• INSTRUCTIONS TO FOLLOW
Your answer must be an exact copy of the listing that follows, with all pictures omitted.

• SUPPLIED INFORMATION
▬▬▬

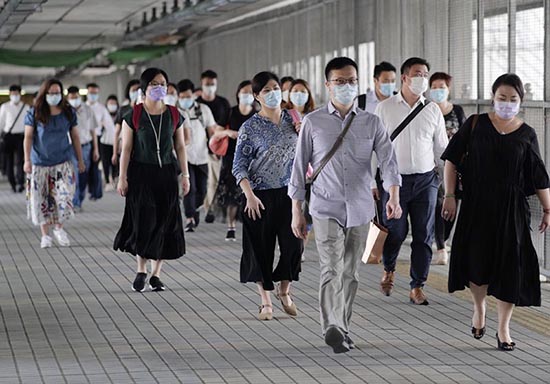 Des personnes portant des masques sortent d'une station de métro de la région administrative spéciale de Hong Kong (sud de la Chine) le 13 ao?t 2020. (Photo / Xinhua)
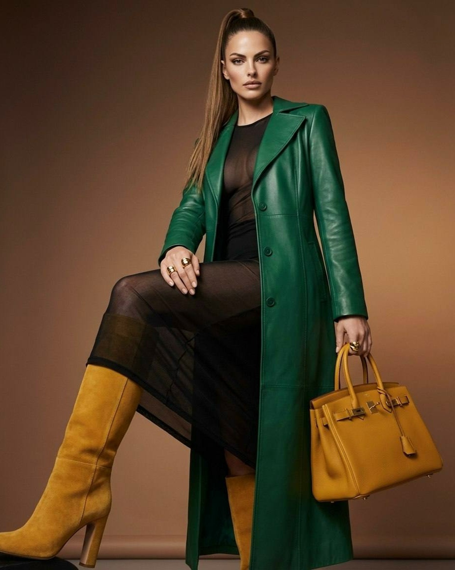 1) Заходим в БОТ ВК или БОТ ТГ 2) Жмем Выбор модели => Nano Banana PRO/Nano Banana 2 3) Добавляем свой фото (важно фото БЕЗ ретуши и любой обработки и фильтров), вставляем этот ПРОМТ: Создайте гиперреалистичное роскошное рекламное фото модной женщины, уверенно позирующей в студии. Она одета в длинное зеленое кожаное пальто модной коллекции 2027 года поверх облегающего прозрачного платья черного цвета. Одна нога поднята вперёд в мощной уверенной позе, подчёркивающей высокие элегантные сапоги на каблуке из замши горчичного цвета .
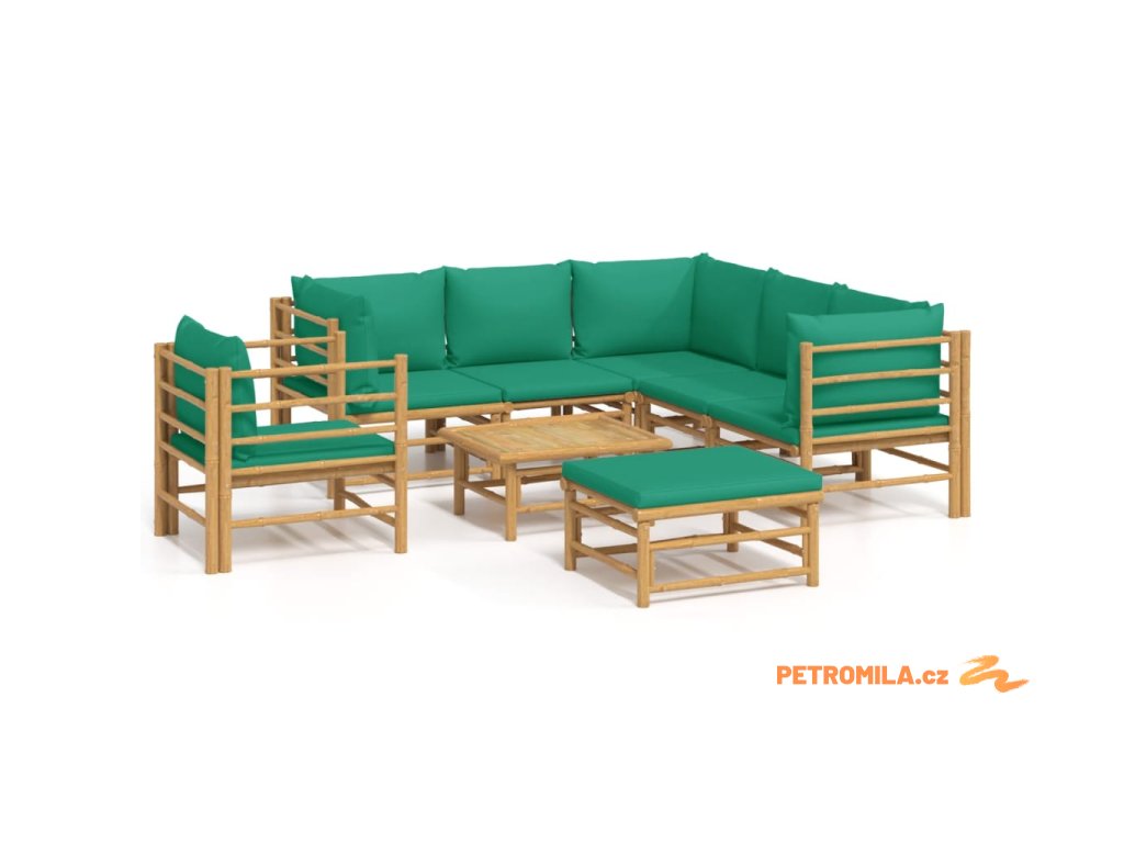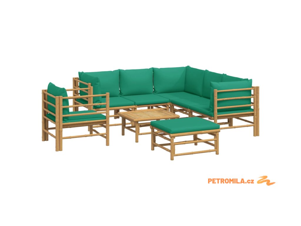 8dílná zahradní sedací souprava se zelenými poduškami bambus

▬▬▬

• REPLY
 Des personnes portant des masques sortent d'une station de métro de la région administrative spéciale de Hong Kong (sud de la Chine) le 13 ao?t 2020. (Photo / Xinhua)
 1) Заходим в БОТ ВК или БОТ ТГ 2) Жмем Выбор модели => Nano Banana PRO/Nano Banana 2 3) Добавляем свой фото (важно фото БЕЗ ретуши и любой обработки и фильтров), вставляем этот ПРОМТ: Создайте гиперреалистичное роскошное рекламное фото модной женщины, уверенно позирующей в студии. Она одета в длинное зеленое кожаное пальто модной коллекции 2027 года поверх облегающего прозрачного платья черного цвета. Одна нога поднята вперёд в мощной уверенной позе, подчёркивающей высокие элегантные сапоги на каблуке из замши горчичного цвета .
 8dílná zahradní sedací souprava se zelenými poduškami bambus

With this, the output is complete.